From: Matti Aarnio (matti.aarnio@zmailer.org)
Date: Mon Jul 09 2001 - 06:15:28 EST


On Thu, Jul 05, 2001 at 05:21:21PM -0400, Ernest N. Mamikonyan wrote:
> I was wondering how I can increase the process address space, TASK_SIZE
> (PAGE_OFFSET), in the current kernel. It looks like the 3 GB value is
> hardcoded in a couple of places and is thus not trivial to alter. Is
> there any good reason to limit this value at all, why not just have it
> be the same as the max addressable space (64 GB)? We have an ix86 SMP
> box with 4 GB of RAM and want to be able to allocate all of it to a
> single program (physics simulation). I would greatly appreciate any help
> on this.

        It is marginally possible to increase that up so much
        that you get about 3.8-3.9 GB for usermode process.
        (I use k=1024, M=k*k, G=k*k*k)

        It is absolutely impossible to get it into anything above
        the 4.0 GB limit. This hard limit is buried inside the i386
        (and all of its successors) memory addressing, and mapping
        hardware. There is a choke-point of 32 address bits along
        the way, which prevents going above 4.0 GB most effectively.

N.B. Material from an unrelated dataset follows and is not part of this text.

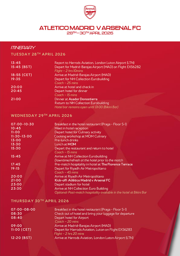 Atletico Madrid v Arsenal F.C. - Partner Itinerary - Flipbook - Page 1

        With considerable infrastructural work(*) it MIGHT be possible
        to go very near the 4.0 GB limit for userspace, but I am not
        an expert here. The crux is at the supervisor/interrupt mode
        stack memory mapping. As far as I understand, in i386 we
        must have the supervisor stack (and 'struct task') mapped
        into the same address space as the usermode. Only the memory
        protection prevents the usermode to access that data.
        Also parts of kernel code must be in that address space + parts
        of kernel data related into MMU control.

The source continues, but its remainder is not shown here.